To identify a chip, you “challenge” it with a binary number. The chip provides a response in the same format as the challenge. For instance, a 64-bit challenge produces a 64-bit response. Both the challenge and the response can be transmitted serially (in which case, it’s a square wave) or in parallel, or via any other method that’s convenient for you. It works as fast or as slowly as you like. The only necessity is that you be able to get a binary value into and out of the chip, a pretty trivial requirement.
Every chip produces a unique response to the same key. So, for example, you can challenge all the Verayo-equipped chips in your system with a single key and you’ll get a different response from each one. Even identical chips programmed with the same bitstream will produce different responses, according to Verayo. No two chips anywhere in the world, no matter how similar or how different, will produce the same response to the same challenge.
For the truly paranoid (or the government-funded), you can “double up” by challenging the chip more than once. Just as different chips will produce different responses to the same challenge, a single chip will produce different responses to different challenges – and these will be different from every other chip’s responses.
The Weather in Moscow Is Unseasonably Warm This Year
A moment’s reflection reveals a chicken-and-egg problem: if you don’t know what response a chip will provide, how do you know that it’s correct? How do you, as the developer, tell the difference between an authentic response and a bogus one? The answer is, you ask the chip.

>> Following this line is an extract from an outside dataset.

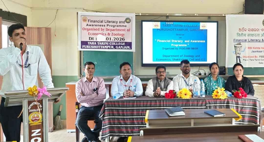 ୩୦ ଜାନୁଆରୀ ୨୦୨୬ ତାରିଖରେ ଗଞ୍ଜାମ ଜିଲ୍ଲାର ପୁରୁଷୋତ୍ତମପୁର (ଗଞ୍ଜାମ) ଅବସ୍ଥିତ ତାରା ତାରିଣୀ କଲେଜରେ ଏକ **ଆର୍ଥିକ ସାକ୍ଷରତା ଓ ସଚେତନତା କାର୍ଯ୍ୟକ୍ରମ** ସଫଳତାର ସହିତ ଅନୁଷ୍ଠିତ ହୋଇଥିଲା। ଏହି କାର୍ଯ୍ୟକ୍ରମଟି ଅର୍ଥନୀତି ବିଭାଗ ଓ ପ୍ରାଣୀବିଜ୍ଞାନ (ଜୁଓଲୋଜି) ବିଭାଗ, ଶକ୍ତିଶ୍ରୀ ସେଲ୍ ଏବଂ ଆଇସିସି (ICC) ଦ୍ୱାରା ସଂଯୁକ୍ତ ଭାବେ ଆୟୋଜିତ ହୋଇ, ଭାରତୀୟ ରିଜର୍ଭ ବ୍ୟାଙ୍କ, ଭୁବନେଶ୍ୱରର FIDD ସହଯୋଗରେ କରାଯାଇଥିଲା।

Since neither you, nor Verayo, nor anyone else in this world can predict how a given chip will respond to a given challenge, you have to find out empirically. It’s necessary to challenge each chip in a private, secure environment before it’s shipped into the field. Only by recording these responses can you later compare them to the chip’s “live” responses in the field and determine whether they’re genuine or not. Thus, it’s important to store the correct challenge/response pairs in a secure and encrypted area of nonvolatile system memory. Lose the codes and you’ve permanently lost the ability to tell whether Chip A is really Chip A.
It’s a good idea to challenge each infant chip several times, store all the responses, and then change-up your challenges in the field. Otherwise, a crafty system hacker could simply monitor your lone challenge/response pair and “spoof” the response the next time. But with multiple challenge/response pairs, knowing the correct response to one challenge is no predictor of the responses to the other challenges. In the best case, you’d use each challenge only once and never repeat it.

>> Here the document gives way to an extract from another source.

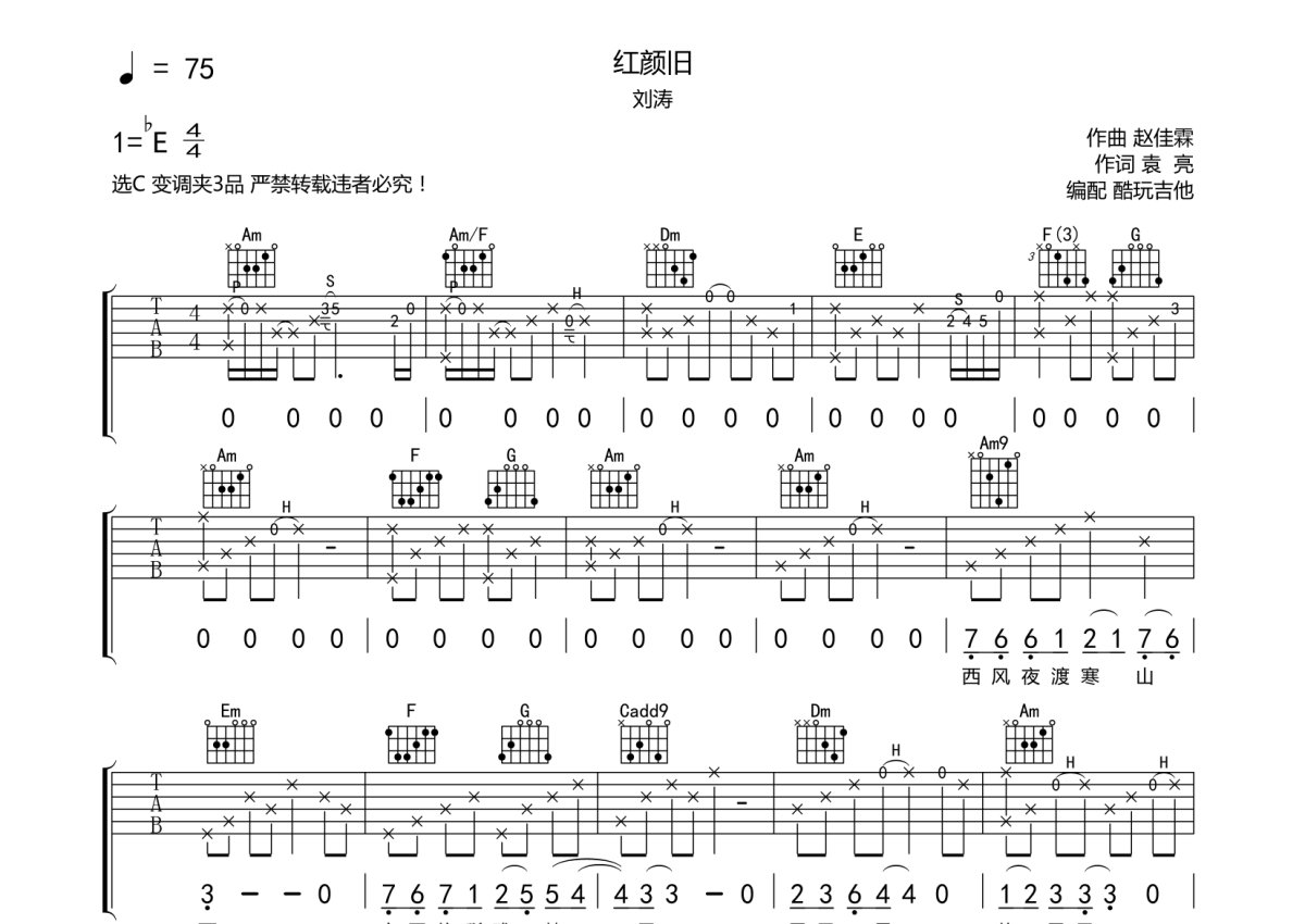 《红颜旧》是刘涛演唱的一首歌曲,本吉他谱采用的是C调指法编配,这份吉他谱共有两张高清图谱,图谱由 @酷玩吉他 编配上传,图谱使用六线谱编配,包含吉他和弦指法、简谱以及歌词部分,曲谱配备了相关的音频提供试听,使用这份红颜旧吉他谱,可以让你更加方便地掌握这首歌曲的弹唱技巧,快来尝试吧。刘涛《红颜旧》吉他谱_C调吉他弹唱谱。

Verayo’s technology is certainly fascinating, and it’s remarkable that the company has found a way to implement it purely in soft IP with no changes to the silicon. The company is as coy about its licensing model as it is about its technology, but it’s reasonable to assume that there’s an up-front fee for access to the technology, perhaps combined with a royalty for production units. As long as Verayo keeps its fees reasonable, it will probably find a ready audience among security-conscious FPGA users.